Identifying novel microhaplotypes for ancestry inference

  • Peng ChenEmail author
  • Wenjia Zhu
  • Fang Tong
  • Yan Pu
  • Youjia Yu
  • Shuainan Huang
  • Zheng Li
  • Lin Zhang
  • Weibo LiangEmail author
  • Feng ChenEmail author
Short Communication

Abstract

The use of DNA to determine the ancestry of an individual is becoming more and more important in the areas of forensics. Kidd et al. (Forensic Sci Int Genet 12:215–224, 2014) have been the first to identify and catalog haplotypes, termed as minihaplotypes (1–10-kilobase spans) and microhaplotypes (≤ 200 bp), with potential use in forensic analysis. In the present study, we selected 10 short ancestry informative microhaplotypes by calculating the informativeness (In) according to Rosenberg et al. (Am J Hum Genet 73(6):1402–1422, 2003). In total, 2504 individuals from 26 populations in 1000 Genomes Project database Phase 3 were enrolled. Among the studied microhaplotypes, eight of them are comprised of 3 SNPs while two microhaplotypes are made up of 4 SNPs. The size (molecular extent) range of 10 microhaplotypes is 5 to 48 bp with an average of 31.4 bp.
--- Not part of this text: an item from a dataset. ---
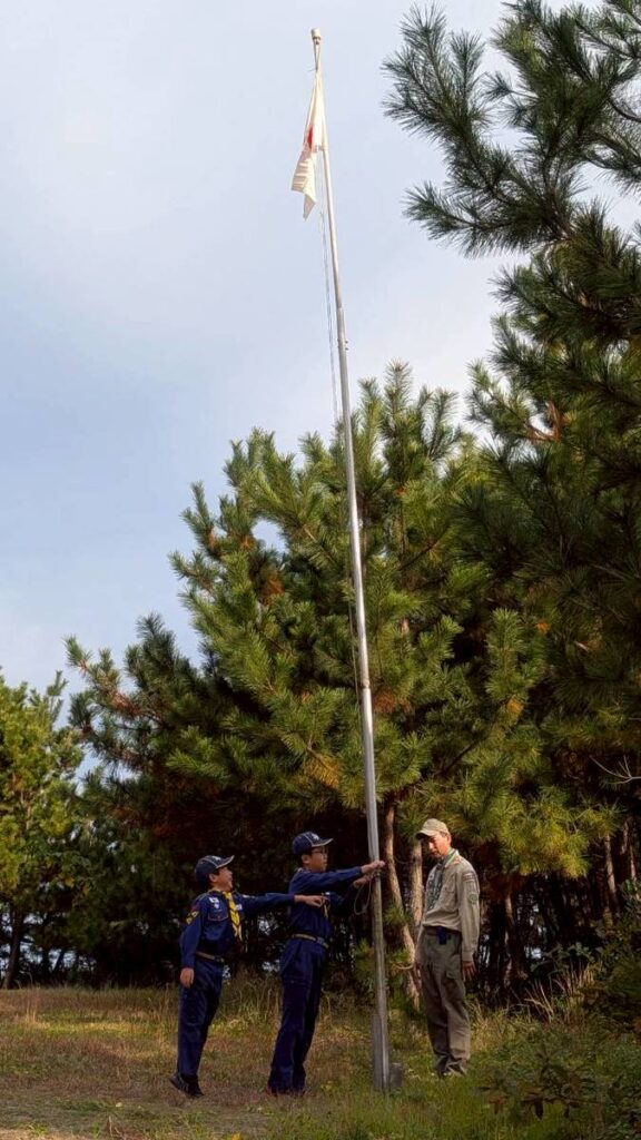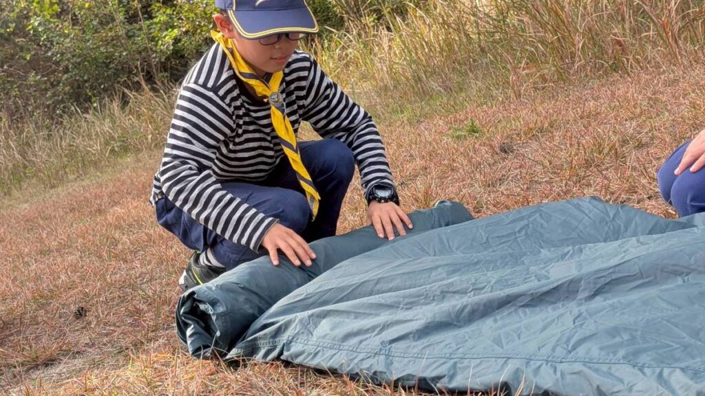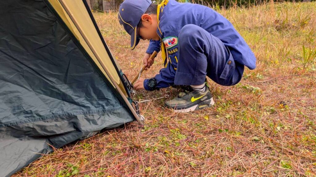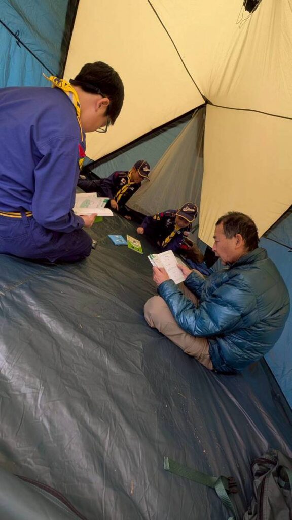 貼り終わったらテントの中でカブブックのチェックを行いました。

The heterozygosity value ranges from 0.2235 to 0.8958 with an average of 0.6593. The average power of discrimination (PD) values is 0.7944 and ranges from 0.3786 to 0.9242. Analyses of this dataset provided clear differentiation of the populations from the Africa, East Asia, South Asia, and Europe biogeographic regions. However, individuals from American ancestry were not well separated. To conclude, our results revealed the significance of using microhaplotypes as an ancestry informative marker. The present panel could offer a valid complementary tool in forensic applications.

Keywords

Microhaplotype Ancestry SNP Ancestry informative marker 

Notes

Funding information

This work was supported by the National Natural Science Foundation of China (No.81570378, No.81772020), the Science and Technology of Jiangsu Province China (BK20170048), and Jiangsu Specially-Appointed Professor program.

Compliance with ethical standards

Conflict of interest

The authors declare that they have no conflict of interest.

Supplementary material

414_2018_1881_MOESM1_ESM.docx (489 kb)
ESM 1 (DOCX 488 kb)
414_2018_1881_MOESM2_ESM.xlsx (22 kb)
ESM 2 (XLSX 22 kb)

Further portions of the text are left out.